COVID-19 Stimulus Legislation Aims to Make Chapter 11 Easier for Many More Small Businesses
By way of background, the SBRA was signed into law by the President on August 26, 2019, and became effective on February 19, 2020. It offers substantial benefits to chapter 11 debtors who are eligible and is intended to make the bankruptcy process quicker and more efficient by eliminating a number of costly and long-standing chapter 11 requirements.
The benefits of filing a chapter 11 case under the new SBRA include: (1) there is generally no creditors’ committee which decreases costs; (2) creditors cannot file competing plans; (3) a separate disclosure statement is not required; (3) payment of quarterly fees to the Office of the U.S. Trustee is not required; (4) the so-called ‘new value requirement’ which requires equity holders to contribute something to the bankruptcy estate in order to retain equity is waived; (5) the requirement that the plan has at least one impaired consenting class is waived; and (6) a debtor no longer must pay all post-petition administrative expense claims on the plan’s effective date and may instead stretch payments out over three to five years.
While the SBRA has only been law for a little over a month, practitioners expect it to achieve Congress’ stated goal of making chapter 11 reorganizations cheaper and easier for struggling small businesses. Notwithstanding the significant benefits the SBRA provides to distressed businesses, however, there had been criticism that the debt limit of $2,725,625 was too low and thereby failed to help many small family-run businesses, especially in major cities and population centers. Thus, the decision to raise the SBRA debt limit to $7.5 million as part of the CARES Act is a major change to existing law and is expected to substantially increase the number of Debtors eligible for the new SBRA.
There is a catch, though. The increased debt limit under the CARES Act will only apply to cases filed on or after March 27, 2020, and, further, one year after the enactment the debt limit reverts back to $2,725,625. As such, while the SBRA was silent as to whether or not it applied to cases commenced before the law went into effect on February 19, 2020, the CARES Act is clear that the increased debt limit is truly an emergency measure directed at the COVID-19 crisis and will only apply to cases filed during the year after it becomes law.

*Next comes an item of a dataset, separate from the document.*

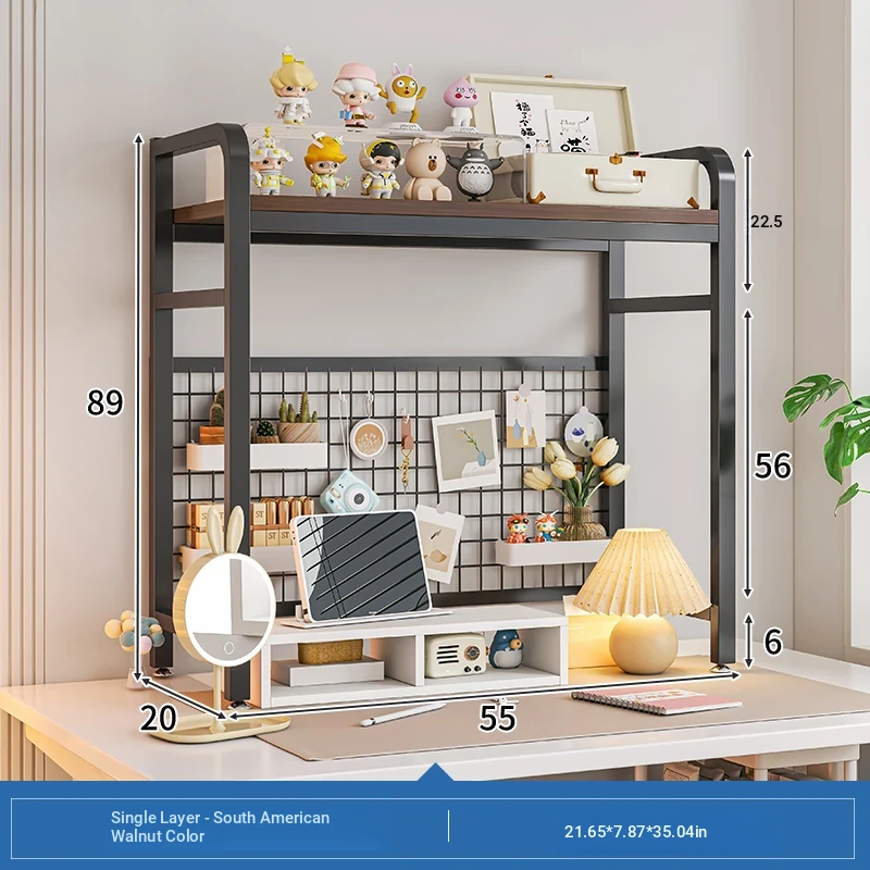 【Includes Pegboard】55*20*89Cm Single-Tier - South American Walnut + Black Frame ★(Reserved Height Adjustment Holes)

In light of the substantial disruptions wrought by COVID-19, distressed businesses should consider the benefits of a reorganization under the SBRA and, at least for the year, it seems many more small and even mid-sized companies may be eligible to reorganize under the SBRA.
 At least one decision has held that the SBRA does apply to cases filed prior to it becoming law. See In re Progressive Solutions, Inc., 2020 WL 975464 (Bankr. CD CA February 21, 2020) (“[T]his Court has found no legal reason to restrict a pending Chapter 11 case to redesignate to a Subchapter V case….”).